Liberals are touting an analysis by the Congressional Research Service (CRS) that they say “refutes” arguments against the Obama Administration’s legal authority to waive work requirements. But the funny thing is that, as shoddy as CRS’s analysis may be, it refuses to say that the Administration’s plan is lawful.

A tiny bit of background: The 1996 welfare reform requires that all able-bodied welfare recipients participate in work activities, and it enforces this by (1) cutting benefits for those who refuse to work, and (2) requiring state welfare programs to meet minimum work participation rates for welfare recipients.

Both of these requirements are in section 407. The general requirements for state welfare programs to receive federal funding are in section 402. And then section 1115 authorizes the Secretary of Health and Human Services to waive requirements in section 402.

In July, the Obama Administration claimed, for the first time ever, that it could waive the work requirements, despite the fact that they’re not in section 402 and there’s no indication that Congress intended for them to be waived in any instance.

So is the Administration right? CRS’s conclusion is…who knows?

Here’s the key bit of analysis: “If a court determines that the requirements of Section 402(a)(1) are not merely waivable reporting requirements, then a court is likely to find the Secretary’s interpretation that she may waive provisions of Section 402, in so far as they incorporate requirements in Section 407.”

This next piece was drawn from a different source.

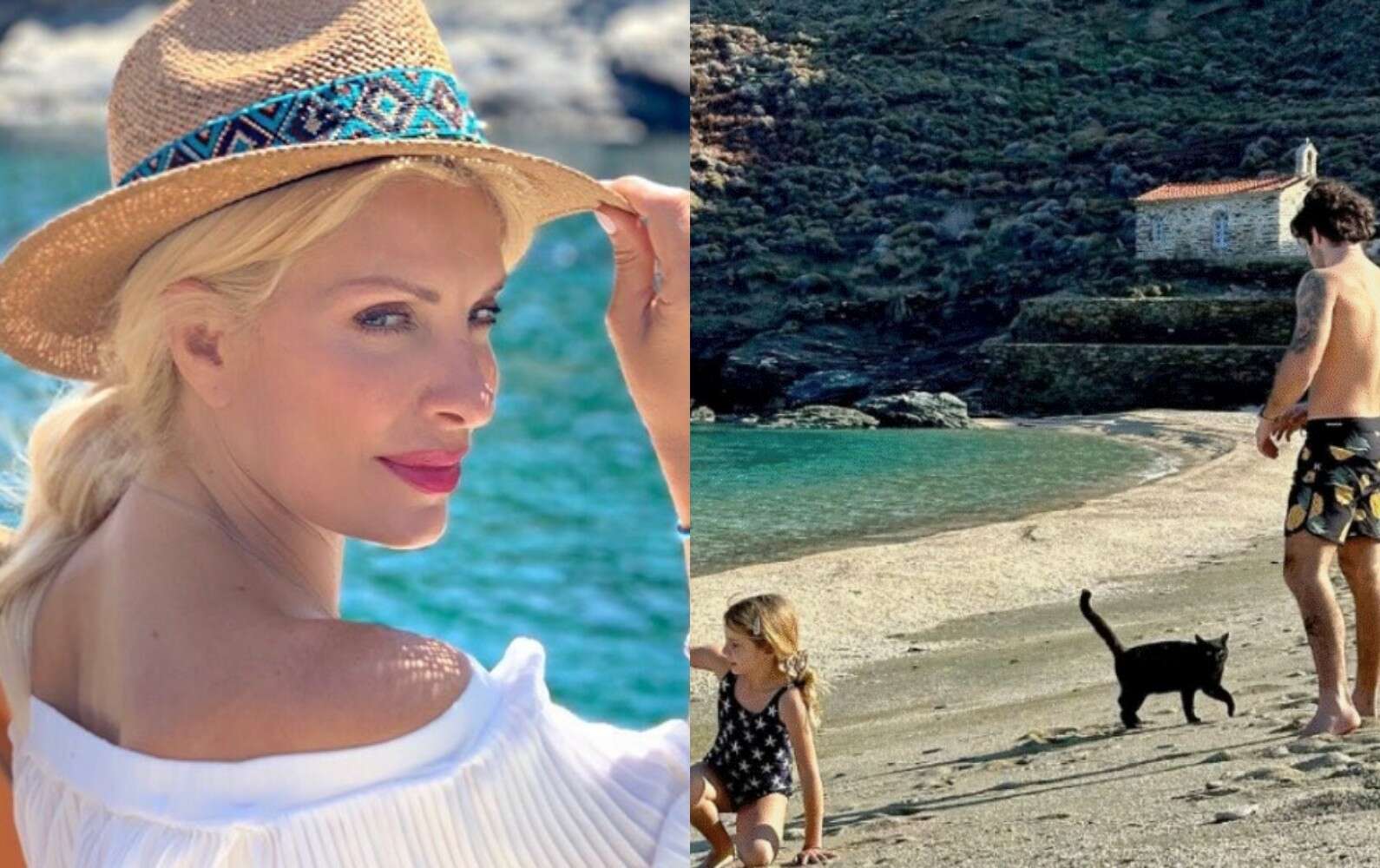 Η παρουσιάστρια πολύ συχνά το καλοκαίρι και τα τριήμερα ταξιδεύει στο νησί μαζί με την οικογένεια της, αφού της αρέσει η άγρια ομορφιά του αλλά και η παραλία που βρίσκεται κάτω από το σπίτι τους (δείτε φωτογραφίες από το εσωτερικό του) και το ξενοδοχείο του συζύγου τους Ματέο Παντζόπουλου.

And if I had ham, I could have a ham sandwich, if I had bread.

To reach this non-conclusion, CRS bungles more than a few points along the way:

  • It relies on obsolete cases concerning the Secretary’s much broader waiver authority over the pre-1996 statute. The other cases it cites concern other programs with statutory language and structure that resemble the old welfare program.
  • It ignores the structure of the 1996 act, which separates waivable and non-waivable provisions into separate provisions based on how much authority Congress intended to give the Secretary and the states.
  • It ignores the precise language of the 1996 act. The work requirements, unlike other provisions, are stated in mandatory terms. Section 402 does not even mention the minimum work participation requirement.
  • It gives enormous weight to prior waivers that were never tested in court without answering how the 1996 act limited the Secretary’s waiver authority.
  • Though it correctly interprets a separate section as precluding the waiver of requirements for the transition year after the 1996 act was enacted, it never questions why Congress would have gone to such pains to make the work requirements absolutely mandatory for just one year and then allowed them to be waived forever after. That wouldn’t make any sense—which is strong evidence that it is not what Congress actually did.
  • It states, incorrectly, that a court would basically defer to the Administration’s interpretation of the statute to answer the question of the Secretary’s waiver authority (a.k.a. “arbitrary and capricious” review). In reality, a court would probably decide that question on its own by looking at the statutory text and structure.

All of these errors are to the Administration’s advantage—but even that wasn’t enough for CRS to actually conclude that waiving welfare’s work requirements is legal.

The problem is that it isn’t legal, and nothing in the CRS report rebuts a single point made in our detailed analysis of the statute. That’s because CRS simply ignores the statute.

If this is the best that work opponents can do, then they haven’t got much. Not even a ham sandwich.